Have you thought about doing the timeworn response to timeshare investigators:  Rent before you buy?  Maybe you could satisfy the urge by chartering a nice boat for a time, and decide if you want to take on ownership of one. The amount of work required to do it right may help you make your decision.  You may discover it's more fun to rent one when you feel the urge, and then give back the keys and walk away with no strings (or maintenance) required.

Either way, it's a nice dilemma to have.  Enjoy the prospects!

Dave


----------



## ronparise (Oct 31, 2014)

kwilson said:


> That boat is a classic! Does it have a recent survey?
> 
> PS
> 
> If you add up all the mtce fees you pay on your timeshares, that will about equal the mtce fees on that boat.



there is a survey but I havent looked at it yet.... Im afraid to. What if its all good news.  
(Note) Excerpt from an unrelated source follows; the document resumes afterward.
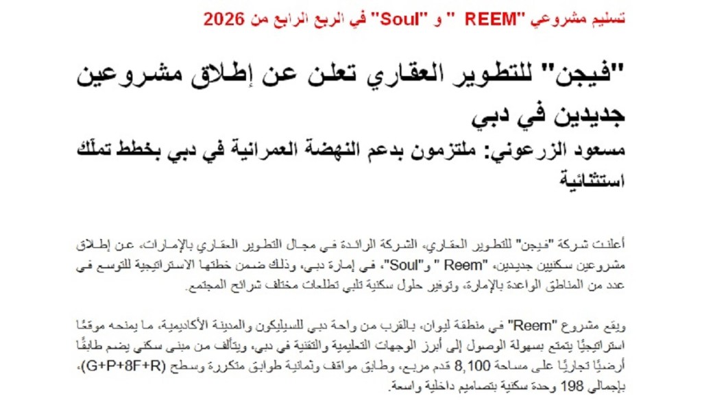 “فيجن” للتطوير العقاري تعلن عن إطلاق مشروعين جديدين في دبي

assuming dock fees of about $10000 a year and maintenance of about  the same. my timeshare fees are still more. . The difference is that my timeshares make money for me. Im not sure the boat can pay for itself,


----------



## easyrider (Oct 31, 2014)

I love it Ron !!! Even if you only used it for a couple of seasons and flipped it, Im certain, for the right person anyway, which may be you, it would be funtastic.

That being said, you ought to have the vessel appraised before you buy. Cris Crafts are expensive restorations. 

Bill


----------



## billymach4 (Oct 31, 2014)

slip said:


> Chris Craft is top of the line. It is a classic. If you can afford it and use it, go
> For it but my son says BOAT stands for "Break Out Another Thousand" and
> With this classic, I'm sure that would hold true. Let us know what you decide.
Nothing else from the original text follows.